• _WORK ITEM_
Only the lines from the one holding "Jak se vyučuje" to the end of the data should be echoed, exactly as they appear, minus the pictures.

• _EXERCISE INPUT_
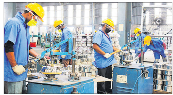
ସରକାର ଯୋଷଣା କରିଥିଲେ । ଏମ୍‌ଏସ୍‌ଏମ୍‌ଇକୁ ସହାୟତା ଯୋଗାଇ ମହାମାରୀ ସୋରୁ କ୍ଷତଗ୍ରସ୍ତ ହୋଇଥିବା ଲକ୍ଷ୍ୟରେ ଏଭଳି ଯୋଜନା ଆସିଥିଲା ।

ଏହି ଯୋଜନାରେ ସାରା ଦେଶରେ ଏମ୍‌ଏସ୍‌ଏମ୍‌ଇକୁ ୧ ଲକ୍ଷ କୋଟି ଟଙ୍କାରୁ ଉର୍ଦ୍ଧ୍ୱ ଅର୍ଥ ଯୋଗାଇ ଦିଆଯାଇଛି । ଉକ୍ତ ରାଷ୍ଟ୍ରପତି ଏବଂ ଘରୋଇ ବ୍ୟାଙ୍କଗୁଡ଼ିକ ୧.୫ ଲକ୍ଷ କୋଟି ଟଙ୍କାର ଅର୍ଥ କ୍ଷୁଦ୍ର ଶିଳ୍ପକୁ ମଞ୍ଜୁରୀ ଦେଇଥିବା ଅର୍ଥ ମନୁଶାଳୟ ପକ୍ଷରୁ ସୂଚନା ରହିଛି । ଏହି ଅର୍ଥ ମଧ୍ୟରୁ ପ୍ରାୟ ୧ ଲକ୍ଷ କୋଟି ଟଙ୍କା ପ୍ରଦାନ କରାଯାଇଛି । ଆମ୍ଭନିର୍ଭର ଯୋଜନା ଅଧୀନରେ ଏହି ଯୋଜନାକୁ
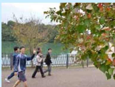
ウォーキングで心身の リフレッシュ

10月30日、滋賀医科大学 糖尿病協会月輪会で恒例の「あるこう会」が開催されました。
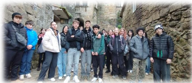
Jak se vyučuje a žije ve Švédsku měli možnost zjistit naši žáci na historicky první mobilitě v rámci projektu Erasmus+
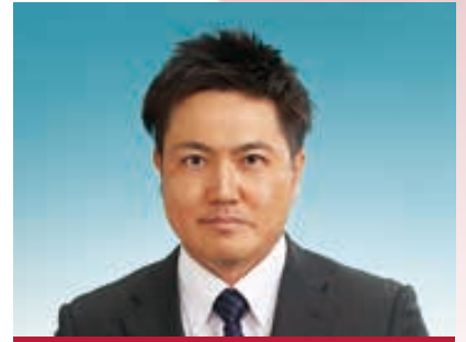
小千谷コミュニティーオペラ実行委員長

日本初、闘牛場で行われる市民オペラ「カルメン」は、小千谷を広くアピールできる可能性を持つ事業だと思っています。小千谷の文化を広くアピールできることをとても嬉しく思います。 市民オペラ「カルメン」の開催日は、毎年5月の第2土曜日に開催している小千谷青年会議所の目玉事業「第36回わんぱく相撲小千谷場所」と同日でした。しかし、その事業性からぜひ参加したいと思い、わんぱく相撲小千谷場所を5月7日とする異例の措置を講じ、小千谷青年会議所としてバックアップをさせていただくことになりました。この異例の調整を行ったことから我々がこの公演に対し、並々ならぬ思いや決意があることをお分かりいただけるのではないのでしょうか。 私自身、実行委員長を務めさせていただいていますが、実務において無力です。演者、市役所の方、市民オペラ参加者、その他ご協力いただいているみなさんのおかげで開催に向かって進んでいます。みなさん本当にありがとうございます。そんなすばらしい小千谷が作り出す小千谷版カルメンをみなさんに見ていただき、感動していただきたいと思っています。

• _RESPONSE FOR THIS EXERCISE_
Jak se vyučuje a žije ve Švédsku měli možnost zjistit naši žáci na historicky první mobilitě v rámci projektu Erasmus+
小千谷コミュニティーオペラ実行委員長

日本初、闘牛場で行われる市民オペラ「カルメン」は、小千谷を広くアピールできる可能性を持つ事業だと思っています。小千谷の文化を広くアピールできることをとても嬉しく思います。 市民オペラ「カルメン」の開催日は、毎年5月の第2土曜日に開催している小千谷青年会議所の目玉事業「第36回わんぱく相撲小千谷場所」と同日でした。しかし、その事業性からぜひ参加したいと思い、わんぱく相撲小千谷場所を5月7日とする異例の措置を講じ、小千谷青年会議所としてバックアップをさせていただくことになりました。この異例の調整を行ったことから我々がこの公演に対し、並々ならぬ思いや決意があることをお分かりいただけるのではないのでしょうか。 私自身、実行委員長を務めさせていただいていますが、実務において無力です。演者、市役所の方、市民オペラ参加者、その他ご協力いただいているみなさんのおかげで開催に向かって進んでいます。みなさん本当にありがとうございます。そんなすばらしい小千谷が作り出す小千谷版カルメンをみなさんに見ていただき、感動していただきたいと思っています。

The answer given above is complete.